[Your goal] Copy out the data exactly as it appears, without a single image.

[Data excerpt]
[Start of section]
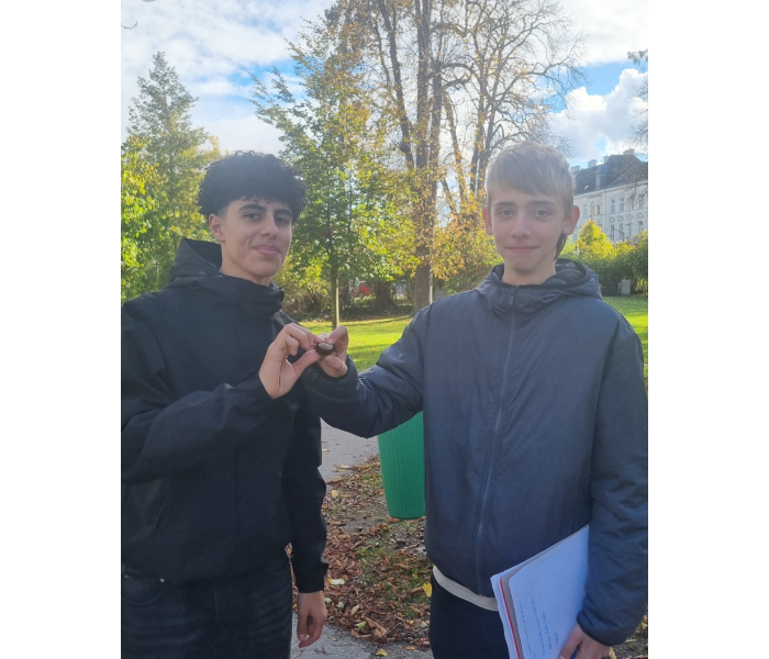 Im naturwissenschaftlichen Laborunterricht hat die 5A heute dem starken Wind getrotzt und die verschiedenen Baumarten im Schulhof und Stadtpark unter die Lupe genommen. Unter anderem konnten Kiefer, Linde, Eibe, Eiche, Blutbuche, Ahorn, Ginko, und auch Blauglockenbaum bestimmt werden. Auch ein paar grüne Triebe wurden entdeckt, was ungewöhnlich ist und mit dem Klimawandel zusammenhängt. Die Beobachtungen in der Natur boten einen interessanten Einstieg in die Herbstferien!
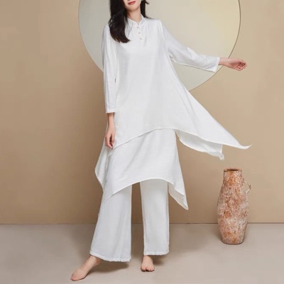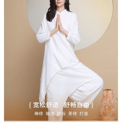 瑜伽服套装女白色宽松昆达里尼冥想疗愈禅服辟谷舞韵禅修服优雅型
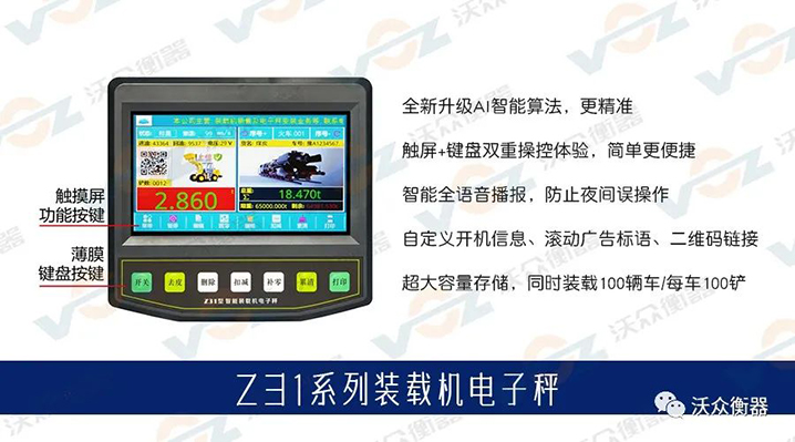 Z31系列裝載機(jī)秤是沃眾衡器新推出的全觸屏、全語音、超大容量的AI智能裝載機(jī)秤,稱重操作更簡單!
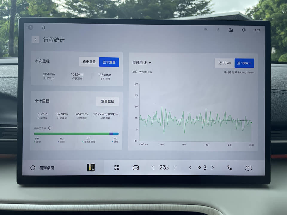 吉利银河E5能耗实测,最终电耗12.2kWh/100Km。 车型:530Km版本 人数:3人 路况:高速20公里左右(平均80Km/h以上),城区18公里左右。
[End of section]
[Response to this task]
 Im naturwissenschaftlichen Laborunterricht hat die 5A heute dem starken Wind getrotzt und die verschiedenen Baumarten im Schulhof und Stadtpark unter die Lupe genommen. Unter anderem konnten Kiefer, Linde, Eibe, Eiche, Blutbuche, Ahorn, Ginko, und auch Blauglockenbaum bestimmt werden. Auch ein paar grüne Triebe wurden entdeckt, was ungewöhnlich ist und mit dem Klimawandel zusammenhängt. Die Beobachtungen in der Natur boten einen interessanten Einstieg in die Herbstferien!
 瑜伽服套装女白色宽松昆达里尼冥想疗愈禅服辟谷舞韵禅修服优雅型
 Z31系列裝載機(jī)秤是沃眾衡器新推出的全觸屏、全語音、超大容量的AI智能裝載機(jī)秤,稱重操作更簡單!
 吉利银河E5能耗实测,最终电耗12.2kWh/100Km。 车型:530Km版本 人数:3人 路况:高速20公里左右(平均80Km/h以上),城区18公里左右。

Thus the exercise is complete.